Out on a remote strip of road where the airfields of New Providence dwindle away and the land forms a T-junction with an extra arm, like a partially amputated roundabout, lies a subdivision called Coral Harbour. Two thick stone towers mark its entrance. Darkened by age, the towers guard what was once billed as the grandest dream of the Caribbean, a resort complex far ahead of its time with three hotels, including one with floating rooms. It would be surrounded by estates and lure those who yearned for a lifestyle with private yachts at their back door and a hotel ballroom for dancing just steps away.

But something happened to the Coral Harbour dream and no one can quite put their finger on what. Ownership changed and changed and changed again. Money to complete construction of the hotels came and went as one bankruptcy followed another. Headlines filled with new promises of fresh starts leapt off front pages. And the promises of hotels and luxury and a lifestyle so ahead of its day in the 1950s and ‘60s never did materialise.

Yet, the Coral Harbour dream, though faded, has evolved into one of the most fascinating, if lesser known, stories of places in modern Bahamian history. And those who live in Coral Harbour wouldn’t trade it for the world. It was not the founders’ dream, but it is their dream. Their vessel may not be a luxury yacht and it may not even have a working engine, but it’s there alongside their dock. Next door may be a shiny new home, a two-storey mini-manse with manicured cashmere grass and designer landscaping and next to that, a yard strewn with rusting heavy equipment and parts, a jumble of metal and boats that will never set sail or see the sea again.

Homeowners are so proud to be part of the Coral Harbour legacy that in 2010 they turned out en masse at a town hall meeting to preserve their faded pink walls and those towers dating back to the 50s and to rally against new commercial development.

Part of what makes Coral Harbour such a captivating place is just that – its unpredictability, randomness, an enclave where casual reigns when everywhere else the very word enclave implies perfection. Look to your right and there is a brand new street with a still gleaming street sign. Andrews Boulevard it reads. It is blocked off by chain link fence, a pristine road that looks like it has never seen the bottom of a tyre goes nowhere. Sorry-looking political signs remain. There is the feeling that once something is planted in Coral Harbour, not much is going to move it.

Coral Harbour’s dream most likely began with a man named Joseph Garfunkel, an Armenian Jew from New York married to a Roman Catholic named Cecilia. Their love affair with The Bahamas impacted sports and education in a fashion few immigrants to the country have ever equaled. A lover of sports, Garfunkel built the first baseball field, kept it meticulously maintained, in an area that is now known as Palmdale.

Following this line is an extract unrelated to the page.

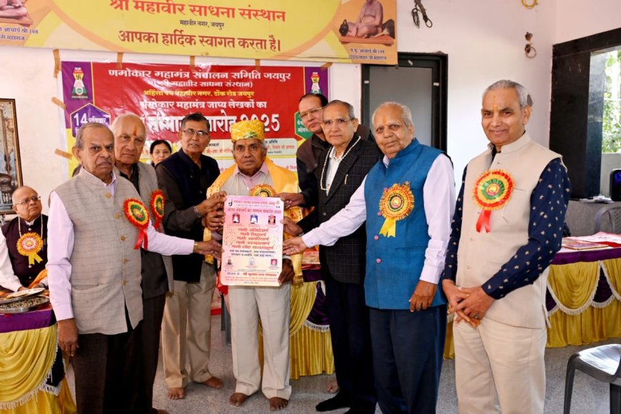 समिति के अध्यक्ष हरक चन्द बडजात्या हमीरपुर वाले- ने बताया कि जाप्य लेखकों का सम्मान समारोह 14 दिसम्बर 25 रविवार प्रातः 9.30 बजे श्री महावीर साधना संस्थान, अहिंसा पथ महावीर नगर में न्यायमूर्ति नरेन्द्र कुमार जैन की अध्यक्षता में हुआ। कार्यक्रम के प्रारंभ में श्रेष्ठी श्री महावीर कुमार जी - उषा गोदिका अपने सुपुत्र - सुपुत्री जो अमेरिका से आए हुए थे, न उन्होंने चित्र अनावरण कर भगवान महावीर के समक्ष दीप प्रज्ज्वलित किया। श्राविका श्रीमती मंजू जैन सेवा वाले, श्रीमती सन्तोष चान्दवाड ने सुन्दर मंगलाचरण कर समारोह की शुरुआत की। उपस्थित सभी जाप्य लेखकों ने सस्वर णमोकार महामंत्र का पाठ किया।

The old John S. George would have been its infield. Boxing matches were held in the auditorium on Madeira Street named after him, now undergoing renovation after years of neglect.

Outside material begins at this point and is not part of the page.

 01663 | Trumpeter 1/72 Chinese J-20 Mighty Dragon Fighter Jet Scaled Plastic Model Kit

According to one of the most trusted sources in Bahamian history, Paul Aranha (also a Tribune columnist), Garfunkel gained permission to build the Coral Harbour Road. For a short while, it seemed there was going to be a contest between the growing Lyford Cay, in its infancy and with a golf course built on the swamp and Coral Harbour with its vast canal system and access to the sea. Two prominent members of the Lyford Cay Club, Louis Bacardi and Peter Thompson, moved to Coral Harbour and Thompson remains to this day, more than 50 years later.

With infrastructure of roads and canals in place, by September, 1956, the first hotel was far enough along to announce a completion date of January 1957. Over the next six to seven years, the project had as many take-offs and hard landings as a small airport. Quick starts and short endings.

The names rattle on – Hemisphere Hotels with Robert M Souers as executive vice president announced a $32.2 million three-year build that would include more than 1,000 rooms. The dream was so widespread that a lone sailor with a dream of his own built a boat in the USSR with ingenuous parts for rigging, a sack of tomatoes, a tin of coffee and a small stash of homemade vodka sailed across the Atlantic to find his dream, a place called Coral Harbour that he read about in the 1963 Yachtsman’s Guide that inspired his adventure. Years later that article inspired him to make his way across the ocean and at Coral Harbour canal long-time residents who were first to see his strange boat appear called me. I called Immigration, Customs, who took the sailor to his first Western-style grocery store and saw his eyes light up. His courageous voyage made history even as history was being made. He had sneaked out of a port on the south coast of the bitterly cold USSR in the dark of night headed across the seas to a magical place called Coral Harbour. By the time he arrived, the USSR was no more. Had he been home, he would have been in Ukraine.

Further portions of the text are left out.